(DATASET EXTRACT Opens)

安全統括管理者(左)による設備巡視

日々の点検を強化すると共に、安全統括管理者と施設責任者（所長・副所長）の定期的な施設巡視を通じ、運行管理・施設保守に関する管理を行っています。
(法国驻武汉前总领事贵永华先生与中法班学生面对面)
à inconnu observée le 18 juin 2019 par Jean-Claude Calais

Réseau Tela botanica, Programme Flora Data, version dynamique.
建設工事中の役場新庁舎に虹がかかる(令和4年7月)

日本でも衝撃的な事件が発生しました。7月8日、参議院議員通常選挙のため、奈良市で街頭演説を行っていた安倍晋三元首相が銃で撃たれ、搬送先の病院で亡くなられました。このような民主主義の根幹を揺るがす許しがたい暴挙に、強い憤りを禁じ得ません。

(DATASET EXTRACT Closes)
(DATASET EXTRACT Opens)

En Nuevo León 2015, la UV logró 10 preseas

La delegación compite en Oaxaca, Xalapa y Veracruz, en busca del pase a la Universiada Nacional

(DATASET EXTRACT Closes)
(DATASET EXTRACT Opens)

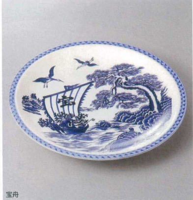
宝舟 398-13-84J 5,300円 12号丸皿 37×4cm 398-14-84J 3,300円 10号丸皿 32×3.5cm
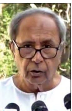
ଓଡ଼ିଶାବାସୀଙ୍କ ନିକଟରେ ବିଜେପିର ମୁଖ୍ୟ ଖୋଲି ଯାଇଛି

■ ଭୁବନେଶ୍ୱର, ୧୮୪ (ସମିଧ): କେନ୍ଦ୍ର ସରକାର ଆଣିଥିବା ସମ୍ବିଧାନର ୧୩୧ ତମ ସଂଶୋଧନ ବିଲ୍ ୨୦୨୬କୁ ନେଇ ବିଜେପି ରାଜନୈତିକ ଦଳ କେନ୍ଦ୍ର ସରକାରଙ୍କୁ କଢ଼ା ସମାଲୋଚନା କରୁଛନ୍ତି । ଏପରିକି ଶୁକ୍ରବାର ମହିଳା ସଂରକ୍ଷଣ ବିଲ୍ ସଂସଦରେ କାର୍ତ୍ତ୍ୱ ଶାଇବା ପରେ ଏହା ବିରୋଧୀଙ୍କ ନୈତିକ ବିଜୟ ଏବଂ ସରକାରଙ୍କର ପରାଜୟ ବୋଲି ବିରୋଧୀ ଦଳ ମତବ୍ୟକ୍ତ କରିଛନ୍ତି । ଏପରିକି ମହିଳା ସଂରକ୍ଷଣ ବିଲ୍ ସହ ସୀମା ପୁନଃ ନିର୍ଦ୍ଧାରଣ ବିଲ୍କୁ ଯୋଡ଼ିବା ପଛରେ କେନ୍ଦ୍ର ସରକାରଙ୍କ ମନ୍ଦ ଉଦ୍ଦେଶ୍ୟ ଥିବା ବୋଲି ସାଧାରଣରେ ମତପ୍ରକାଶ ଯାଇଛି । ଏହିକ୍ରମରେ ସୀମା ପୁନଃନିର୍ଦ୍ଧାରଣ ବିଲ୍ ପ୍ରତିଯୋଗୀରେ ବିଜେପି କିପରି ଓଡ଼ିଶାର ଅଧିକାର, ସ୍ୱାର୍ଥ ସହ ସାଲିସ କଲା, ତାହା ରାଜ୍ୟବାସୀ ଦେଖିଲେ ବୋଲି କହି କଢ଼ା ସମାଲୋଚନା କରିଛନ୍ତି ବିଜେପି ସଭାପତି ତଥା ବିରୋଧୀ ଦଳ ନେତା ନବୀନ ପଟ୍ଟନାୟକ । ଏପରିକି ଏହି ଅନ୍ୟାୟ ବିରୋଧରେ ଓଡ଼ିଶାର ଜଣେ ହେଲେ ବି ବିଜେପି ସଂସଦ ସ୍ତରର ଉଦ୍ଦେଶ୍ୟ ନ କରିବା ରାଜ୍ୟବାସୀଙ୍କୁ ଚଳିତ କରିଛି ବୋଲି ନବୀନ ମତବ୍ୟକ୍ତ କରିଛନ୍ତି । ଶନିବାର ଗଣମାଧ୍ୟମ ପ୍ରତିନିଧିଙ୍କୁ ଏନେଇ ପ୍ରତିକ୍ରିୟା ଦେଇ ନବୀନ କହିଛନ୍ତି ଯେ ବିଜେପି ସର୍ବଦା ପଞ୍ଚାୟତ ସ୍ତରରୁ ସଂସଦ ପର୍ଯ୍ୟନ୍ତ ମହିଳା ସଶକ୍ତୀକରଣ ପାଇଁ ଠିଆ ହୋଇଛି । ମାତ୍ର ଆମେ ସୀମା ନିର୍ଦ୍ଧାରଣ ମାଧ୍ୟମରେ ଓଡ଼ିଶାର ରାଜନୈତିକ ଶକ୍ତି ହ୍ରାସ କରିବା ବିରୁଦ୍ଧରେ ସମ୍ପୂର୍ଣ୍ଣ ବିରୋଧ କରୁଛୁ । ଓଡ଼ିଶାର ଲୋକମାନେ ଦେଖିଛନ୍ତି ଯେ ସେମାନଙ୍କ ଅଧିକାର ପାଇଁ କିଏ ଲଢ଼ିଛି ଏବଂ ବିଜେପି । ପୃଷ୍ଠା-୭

(DATASET EXTRACT Closes)

DIRECTIONS
In the listing above, find the line containing "(法国驻武汉前总领事贵永华先生与中法班学生面对面)" and the line containing "日本でも衝撃的な事件が発生し". Output them and every line between, exactly, and nothing else.

RESULT FOR THIS TASK
(法国驻武汉前总领事贵永华先生与中法班学生面对面)
à inconnu observée le 18 juin 2019 par Jean-Claude Calais

Réseau Tela botanica, Programme Flora Data, version dynamique.
建設工事中の役場新庁舎に虹がかかる(令和4年7月)

日本でも衝撃的な事件が発生しました。7月8日、参議院議員通常選挙のため、奈良市で街頭演説を行っていた安倍晋三元首相が銃で撃たれ、搬送先の病院で亡くなられました。このような民主主義の根幹を揺るがす許しがたい暴挙に、強い憤りを禁じ得ません。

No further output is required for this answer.